Masumiyetin Ayartıcılığı
Yazar adı: Pascal Bruckner
Çeviren: Hamdi Tuncer
Basımevi: Ayrıntı, 2006
Türü: Felsefe
ISBN: 975-539-486-9
Sıra No: FEL 114
Birkaç yüzyıllık bir zaman dilimi içinde, ekonomik, toplumsal,
siyasal, dinsel anlamlarda tüm cemaat bağlılıklarını yadsıyarak
yükselen, geçen yüzyıldan itibaren bireyi Tanrılaştıran, XX.
yüzyılın sonuyla da hem sosyal devletin hem de ideolojilerin ve
sosyal sınıf çatışkılarının, en azından görünürde gerilemesiyle
son bağlarından da kurtulan Batılı insan, şimdi kendine inşa
ettiği bu “özgürlük” tapınağında yalnız kalmanın acısını
dillendiriyor.
Masumiyetin Ayartıcılığftvte esas olarak Batı’ya, ama daha çok
da Avrupa’ya odaklanarak, modernite içinde bireyin geldiği son
noktayı irdeleyen Pascal Bruckner, ironik anlatımıyla Batılı erkek
ve kadını hedef tahtasına oturtuyor.
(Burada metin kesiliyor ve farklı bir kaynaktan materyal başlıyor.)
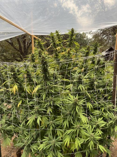 Northfork Week six all the plants have been doing very well. A few of them have suffered some broken tops because of me but other than that doing well the leafhoppers have been doing their best to do some damage but nothing major and the hole seem to be holding water very well I’ve been minimally watering only about once a week just a couple gallons. They seem to be retaining enough water, giving them their boogie brew tea every seven days and their pure protein with soluble seaweed every four days that’ll be the schedule till the end keep on pulling them down and stretching them out trying to get those branches to level out and grow more tops upwards. These plants this year are definitely larger than my previous ones, which surprised me I started these a little later, but they are much taller and growing much more vigorous than the last and the last were very large so high expectations for these week six everybody’s doing great. ..
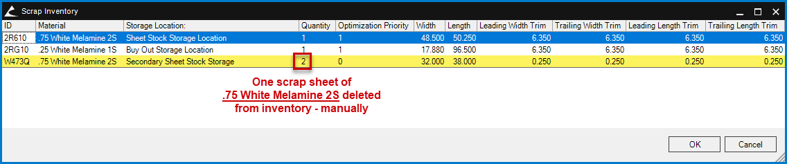 The screenshot below shows the material for ".75 White Melamine 2S" before and after three scrap sheets were added manually to the inventory, and a single scrap sheet has been committed from a scrap part generated when processing.

Bireyciliğin içinde bulunduğu
aşamayı, başlıca semptomu edimlerin sonuçlarından kaçmak
olan bir hastalık olarak değerlendiren yazar, teşhisini de şöyle
dile getiriyor; “Özgürlüğün sıkıntılarına katlanmadan nimetlerinden
yararlanmaya kalkışmayı, masumiyet diye adlandırıyorum ben.
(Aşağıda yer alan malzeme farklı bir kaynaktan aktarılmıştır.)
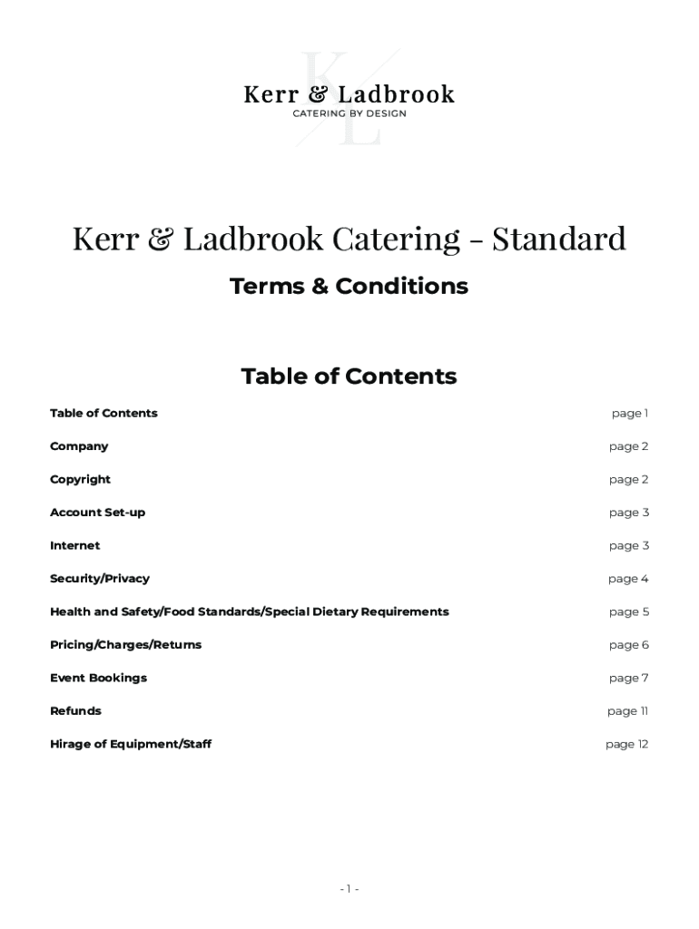 Kerr & Lad brook Catering Standard Terms & ConditionsTable of Contents Table of Contents page 1Companypage 2Copyrightpage 2Account Setup page 3Internetpage 3Security/Privacy page 4Health and Safety/Food

İki yönde gelişiyor bu masumiyet: çocuksulukve kurbanlaşma.”
Sorumluluk üstlenmenin giderek mutsuzluğun kaynağı olarak
algılandığı bir çağda, bu iki eğilimin de nasıl birer sorumsuzluk
stratejisi oluşturduğunu medyadan toplumsal yaşama, siyasal
olaylardan savaşlara, erkek-kadın ilişkilerine dek birçok sarsıcı,
hatta tedirgin edici örnekle gösteriyor Bruckner.
Yüz yıldır Batı’nın yeni putu, yeni küçük aile Tanrısı olarak
nitelediği “çocuk” etkenini, sürekli sürpriz ve sınırsız doyum
ilkesine dayalı tüketim toplumuyla ve eğlence sektörüyle
ilişkilendiren yazar, masumiyetin diğer ayağı olarak koyduğu
“kurbanlaşma” başlığı altında, bir “küresel köy” haline gelmiş
gezegende bireylerden halklara varıncaya kadar herkesin niçin
bir kurbanlaşma stratejisi izlediğini, medyanın ve özellikle
televizyonun haber üretme modelinin bu eğilimde oynadığı rolü
inceliyor,
Bruckner, şeytanın avukatlığına soyunduğu bu eserinde “müzmin”
sıradan insanla “müzmin” muhalife, üzerinde düşünüp kendilerini
gözden geçirmelerini sağlayacak bir yığın soru yöneltiyor.